— Не брешет, — остуженно проговорила Ирина. — Не из пальца высосал Ипполит. Уцелел в боях Родька, после войны его видели.
— Вот как, — озабоченно протянул Иван Савельевич. — В пропавших без вести укрылся, воды в рот набрал… За что же он так мать наказал? Да и тебя тоже?
— А если себя? — Ирина даже не удивилась, что доподлинно знает председатель о ее сердечной неустроенности и жизненных мытарствах.

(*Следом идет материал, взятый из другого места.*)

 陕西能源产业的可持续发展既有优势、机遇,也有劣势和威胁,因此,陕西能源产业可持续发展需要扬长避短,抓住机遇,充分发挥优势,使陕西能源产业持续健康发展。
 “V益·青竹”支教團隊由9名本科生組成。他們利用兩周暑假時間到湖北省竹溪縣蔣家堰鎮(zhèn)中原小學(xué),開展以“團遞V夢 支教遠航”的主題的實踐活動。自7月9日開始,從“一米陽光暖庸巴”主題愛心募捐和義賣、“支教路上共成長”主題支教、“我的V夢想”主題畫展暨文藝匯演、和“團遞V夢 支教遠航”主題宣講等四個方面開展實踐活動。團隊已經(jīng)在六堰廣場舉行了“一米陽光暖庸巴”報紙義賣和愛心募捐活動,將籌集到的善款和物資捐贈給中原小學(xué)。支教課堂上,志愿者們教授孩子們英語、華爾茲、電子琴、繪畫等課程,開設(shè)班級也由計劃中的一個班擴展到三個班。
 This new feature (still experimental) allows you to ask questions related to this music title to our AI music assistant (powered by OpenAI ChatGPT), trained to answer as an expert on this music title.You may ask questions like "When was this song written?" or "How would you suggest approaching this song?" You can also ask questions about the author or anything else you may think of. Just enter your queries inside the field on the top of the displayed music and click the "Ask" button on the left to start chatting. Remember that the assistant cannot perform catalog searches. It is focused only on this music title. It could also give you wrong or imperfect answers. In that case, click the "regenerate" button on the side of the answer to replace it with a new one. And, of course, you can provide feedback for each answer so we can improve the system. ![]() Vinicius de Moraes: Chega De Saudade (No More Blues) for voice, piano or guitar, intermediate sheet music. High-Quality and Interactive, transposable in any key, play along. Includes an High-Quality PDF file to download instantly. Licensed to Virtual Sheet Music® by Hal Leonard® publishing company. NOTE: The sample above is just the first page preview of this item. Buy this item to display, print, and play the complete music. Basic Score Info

— Такое тоже может быть. — Рука председателя легла на вздрогнувшее плечо Ирины. — Одни сказки, что сладко там. Набить пузо, одеждой запастись, пухлым бумажником тешиться — ох как этого мало для жизни! Исходил я чужие страны, разную жизнь повидал. По-всякому люди живут… Погостить у них хорошо, но чтобы насовсем… По-пластунски домой поползешь… Обрезать корни что человеку, что дереву — все едино: засохнешь… А у человека чувства, память…
— Выходит, и память у него иссохла, — удрученно возразила Ирина.

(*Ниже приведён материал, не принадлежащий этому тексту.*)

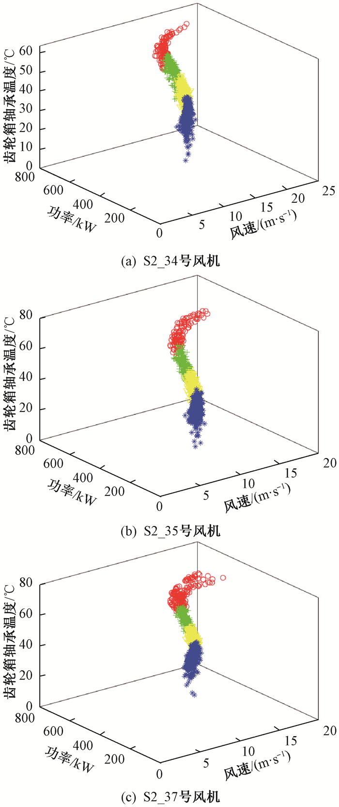 以齿轮箱轴承温度为研究对象,由于以风速为输入、有功功率为输出的“黑箱”模型能表征风机的运行状态,因此选择风速、有功功率和齿轮箱轴承温度为聚类变量。对S2_36号风机相似机群的其他风机正常工况数据进行聚类,3台风机的聚类结果如图 3所示。通过聚类结果可知,在所选的聚类变量作用下,可以得到不同工况下模型的训练集。
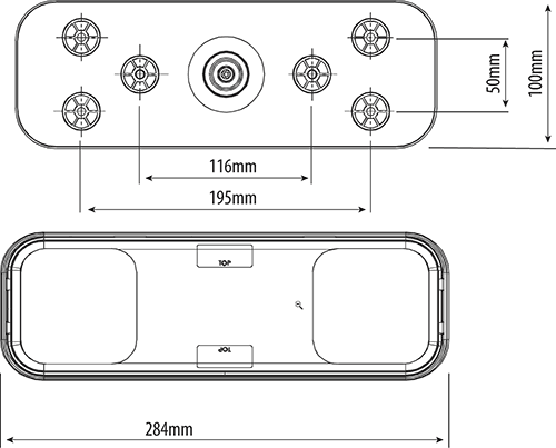 IP67. Base material: ABS housing. Lens material: Polycarbonate. Bolt mounting.

— Выродок какой-то, а не сын,- — гневно ответил председатель. Притушил сигарету о ступеньку крыльца, видно собираясь уйти, но вдруг решительно и круто повернулся к Ирине.
— Шла бы домой, Ирина. Гости к вам придут.
— Некому к нам захаживать. Мужик в трезвости держится, дружков отвадил.
— Только не пугайся, возьми себя в руки… К тому все и шло… Имущество могут описать. Обоих забрали…
— Когда? — охнула Ирина.
— Сегодня в леспромхозе. Степан на условном может повиснуть, а инженеру раскрутят катушку…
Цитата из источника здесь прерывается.